*What is being asked*
Please print, exactly as written, the line containing "Sul piano compositivo" and each line after it through the end of the material; pictures stay out.

*Records provided*
*** Block opens ***

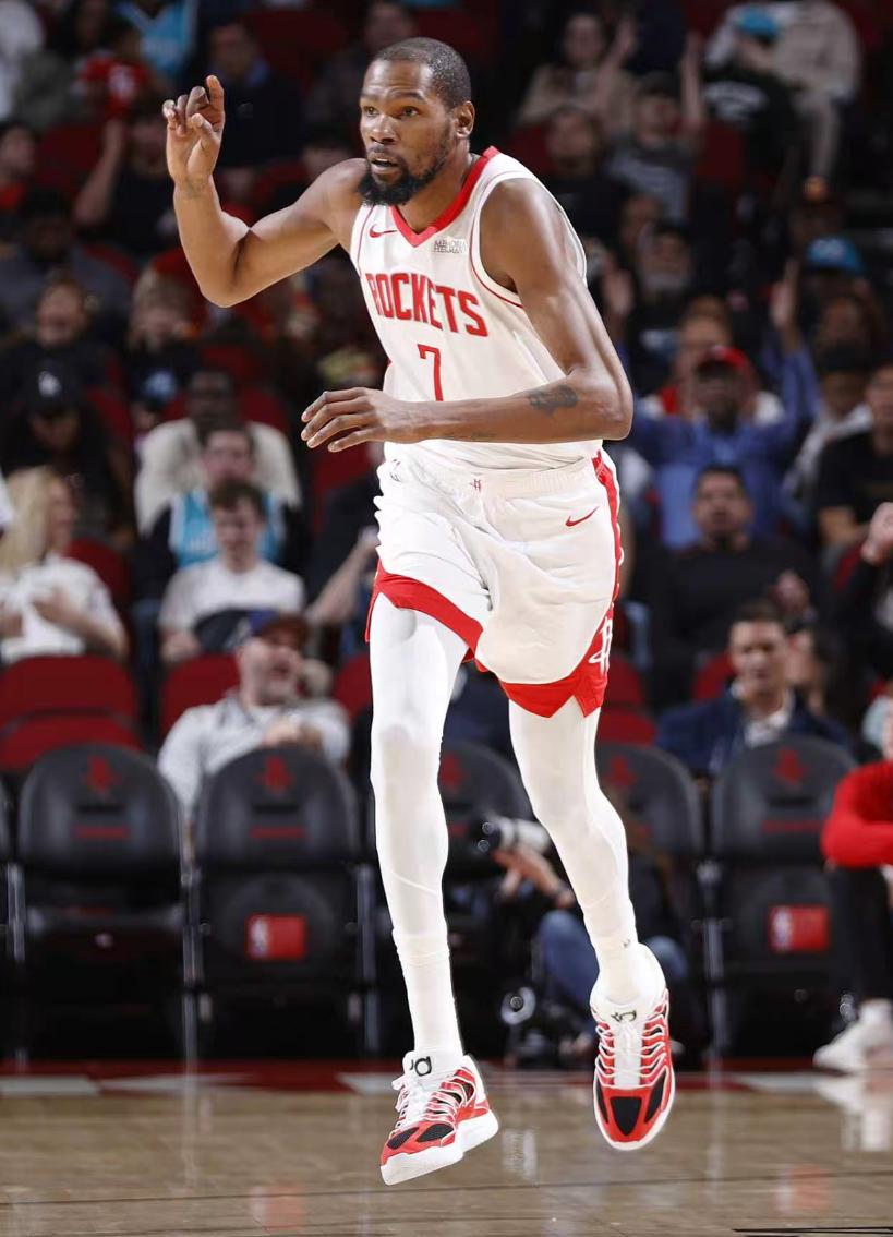 次节杜兰特的个人进攻也受到限制单节4中2拿到5分1助攻2抢断,半场拿到16分,小贾半场13分,球队核心申京半场18分钟只拿到3分,阿门半场也只拿到4分,双核状态低迷的情况下半场火箭也落后到两位数。
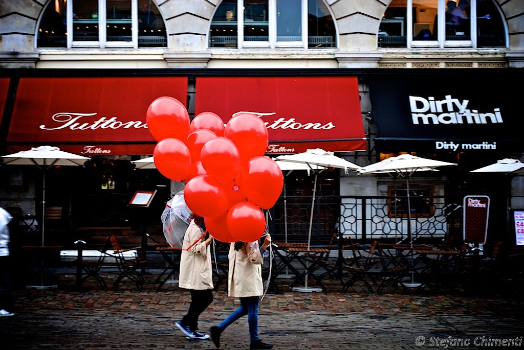 Sul piano compositivo il centro d'interesse delle due comparse è troppo centrale e tenere la donna-pallone con il suo piede proprio sul bordo del fotogramma, non è molto indovinato e anche l'analogia fra il colore dei palloncini e la tenda dietro fa sfocare un po' l'idea iniziale dello scatto, alla sua debolezza contribuisce anche un tempo troppo lungo, creando un fastidioso effetto mosso, a pelle non risulta un'immagine comprensibile al volo, che il più delle volte determina il successo di una foto.
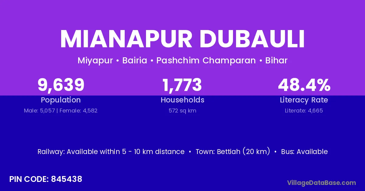 Mianapur Dubauli village has a total population of 9,639 people, of which 5,057 are males and 4,582 are females.
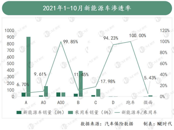 據(jù)汽車保險(xiǎn)數(shù)據(jù)顯示,目前整個(gè)乘用車市場以A、B、A0、C、A00級車為主。 以今年前十個(gè)月的銷量來看,這些主流級別車型中,新能源車滲透率最高的還是A00級車型,其他級別車型的電動化替代空間基本都在90%以上。A級車作為乘用車市場體量最大的一部分,也是目前電動化轉(zhuǎn)型壓力最大的一個(gè)市場。
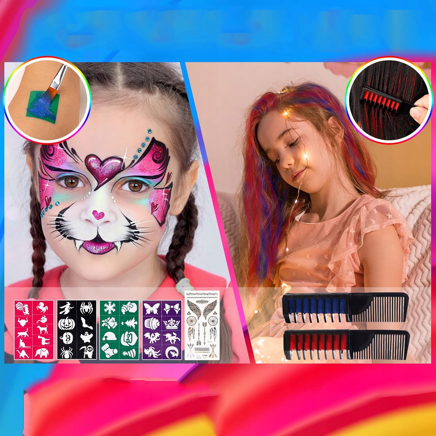 Наш детский набор для макияжа включает в себя 20 акварельных красок, 3 кисти, 34 различных трафарета для рисования лица, 5 наклеек . В этот набор для макияжа также входят блоки краски для волос, блестки, подводка для глаз и другие аксессуары. Это самый универсальный и богатый набор, который заставит вас сиять и выделяться на вечеринке!

*** Block closes ***

*Exercise solution*
 Sul piano compositivo il centro d'interesse delle due comparse è troppo centrale e tenere la donna-pallone con il suo piede proprio sul bordo del fotogramma, non è molto indovinato e anche l'analogia fra il colore dei palloncini e la tenda dietro fa sfocare un po' l'idea iniziale dello scatto, alla sua debolezza contribuisce anche un tempo troppo lungo, creando un fastidioso effetto mosso, a pelle non risulta un'immagine comprensibile al volo, che il più delle volte determina il successo di una foto.
 Mianapur Dubauli village has a total population of 9,639 people, of which 5,057 are males and 4,582 are females.
 據(jù)汽車保險(xiǎn)數(shù)據(jù)顯示,目前整個(gè)乘用車市場以A、B、A0、C、A00級車為主。 以今年前十個(gè)月的銷量來看,這些主流級別車型中,新能源車滲透率最高的還是A00級車型,其他級別車型的電動化替代空間基本都在90%以上。A級車作為乘用車市場體量最大的一部分,也是目前電動化轉(zhuǎn)型壓力最大的一個(gè)市場。
 Наш детский набор для макияжа включает в себя 20 акварельных красок, 3 кисти, 34 различных трафарета для рисования лица, 5 наклеек . В этот набор для макияжа также входят блоки краски для волос, блестки, подводка для глаз и другие аксессуары. Это самый универсальный и богатый набор, который заставит вас сиять и выделяться на вечеринке!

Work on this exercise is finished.